En las primeras tallas (0-3m, 3-6m) la ropa se usa tan poco tiempo que comprar de segunda mano es una opción muy razonable. Los bebés crecen tan rápido que muchas prendas apenas tienen uso. Lo que sí merece la pena comprar nuevo son los productos de seguridad (silla de coche, arnés), los que están en contacto directo con la piel durante mucho tiempo (colchón de la cuna), y cualquier cosa donde la historia de uso anterior no puedas conocerla con certeza.

¿En qué productos vale la pena invertir más?

Los productos donde la calidad sí importa son los de uso intensivo y seguridad: la silla de coche (busca siempre homologación i-Size y contramarcha hasta al menos los 4 años), el carrito (si vas a usarlo mucho, que tenga buenas ruedas y sea fácil de montar), el colchón de la cuna (firme, transpirable y del tamaño exacto) y el portabebés ergonómico si planeas portear. En el resto, las diferencias de precio raramente se justifican.

¿Cuánto cuesta el primer año de bebé?

La variabilidad es enorme según las decisiones de cada familia. Con una lista ajustada a lo imprescindible (silla de coche, carrito, cuna, ropa básica, biberones, termómetro y productos de higiene) el gasto inicial puede situarse entre 1.000 y 2.000 euros.

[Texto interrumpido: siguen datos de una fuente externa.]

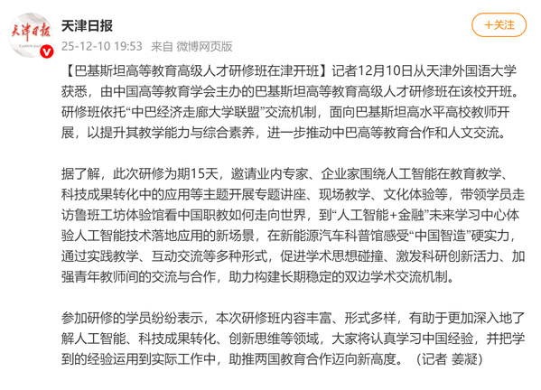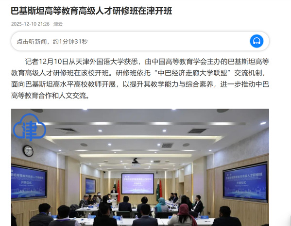 记者12月10日从天津外国语大学获悉,由中国高等教育学会主办的巴基斯坦高等教育高级人才研修班在该校开班。研修班依托“中巴经济走廊大学联盟”交流机制,面向巴基斯坦高水平高校教师开展,以提升其教学能力与综合素养,进一步推动中巴高等教育合作和人文交流。据了解,此次研修为期15天,邀请业内专家、企业家围绕人工智能在教育教学、科技成果转化中的应用等主题开展专题讲座、现场教学、文化体验等,带领学员访鲁班工坊体验馆看中国职教如何走向世界,到“人工智能+金融”未来学习中心体验人工智能技术落地应用的新场景,在新能源汽车科普馆感受“中国智造”硬实力,通过实践教学、互动交流等多种形式,促进学术思想碰撞、激发科研创新
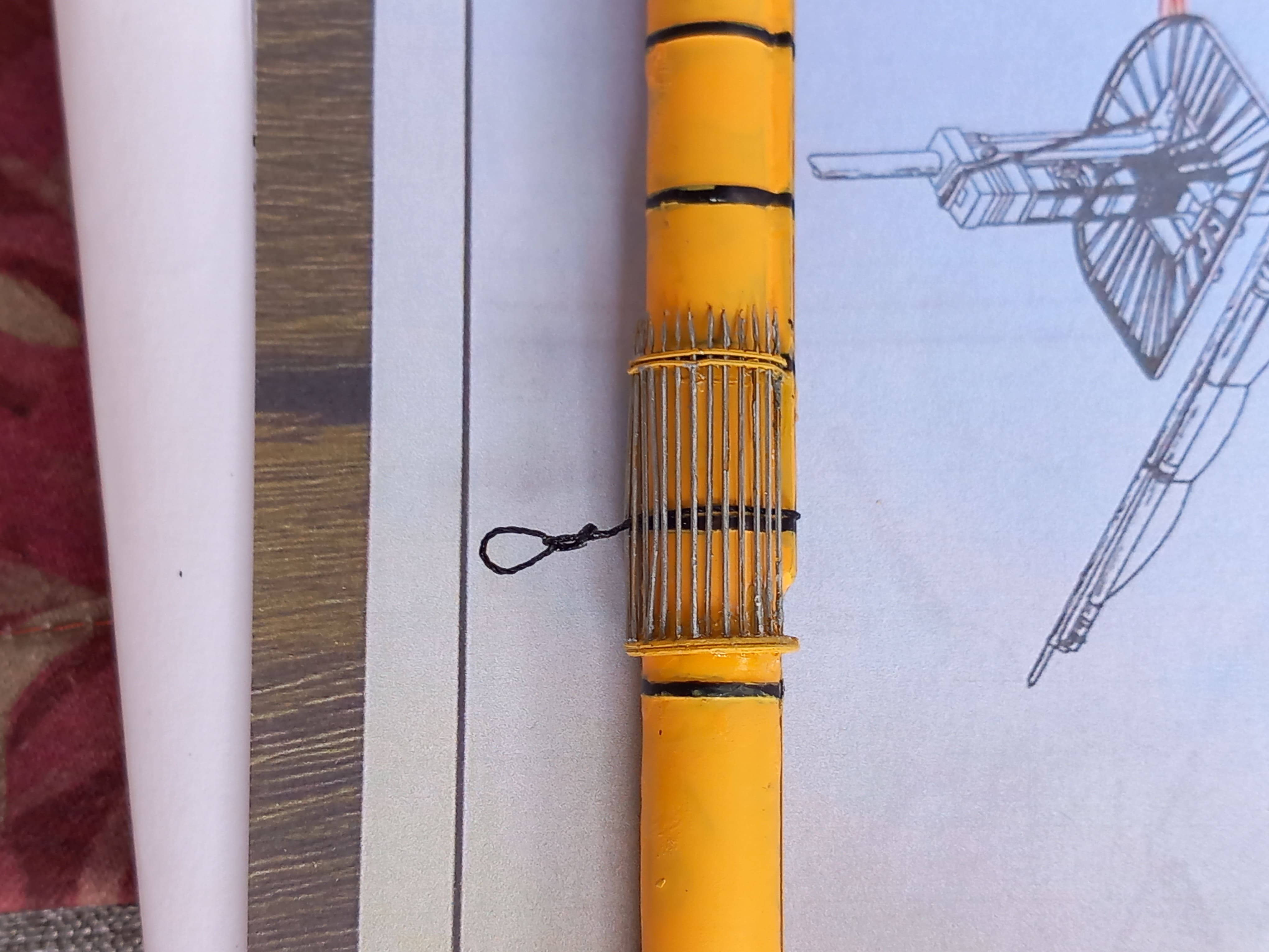 Erstmal vielen Dank für Eure Anmerkungen. Das baut mich bei diesem schweren Bausatz auf. Jetzt habe ich erstmal nachträglich die Enterspieße am Fockmast aus dem Ätzteilsortiment von Dafi angebracht.
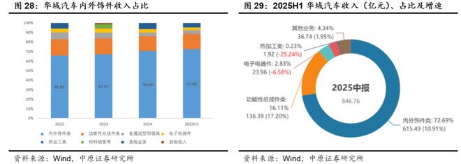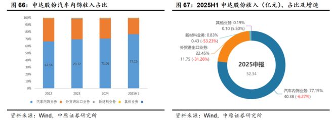 公司主要客户为通用、福特、捷豹路虎、戴姆勒、斯特兰蒂斯、丰田、本田、大众、宝马、吉利沃尔沃、蔚来、理想等。2025年上半年,汽车内饰板块主营业务收入40.38亿元,较去年同期减少6.27%。境内汽车内饰业务主要客户包括奔驰、吉利、宝马、大众、蔚来、通用等,因部分客户项目产品已临近供货周期尾声,承接的新项目尚在爬坡期,2025年上半年度境内主营业务收入9.79亿元,较去年同期降低12.20%;境外企业因受欧美地区整车客户产量下降影响,主营业务收入为30.71亿元,较去年同期降低4.25%。

Comprando todo nuevo de marcas premium o añadiendo muchos accesorios opcionales, la cifra puede multiplicarse por cinco o más sin que el bebé esté ni más seguro ni más feliz.

¿Qué productos están activamente desaconsejados?

Hay productos que no solo son innecesarios sino que están desaconsejados por organismos pediátricos: los andadores (retrasan la marcha y son peligrosos), los posicionadores de cuna y nidos para dormir sin supervisión (aumentan el riesgo de muerte súbita), los sensores de movimiento respiratorio (la FDA alerta que no previenen la muerte súbita y dan falsa seguridad), y las pantallas y tablets para menores de 18-24 meses (desaconsejadas por la OMS y la AAP).

📚 Fuentes consultadas

📖 AEP — Asociación Española de Pediatría: recomendaciones sobre sueño seguro, productos y seguridad infantil
📖 AAP — American Academy of Pediatrics: guías sobre sueño seguro, pantallas, andadores y productos de bebé
📖 FDA — Food and Drug Administration: alertas sobre posicionadores de bebé y monitores de movimiento
📖 OMS — Organización Mundial de la Salud: recomendaciones sobre pantallas, lactancia y desarrollo infantil

Opiniones basadas en experiencia real y consenso de pediatras y familias. Cada bebé y cada familia es diferente — lo que no sirve para unos puede ser clave para otros. Esta herramienta no sustituye el consejo de tu pediatra.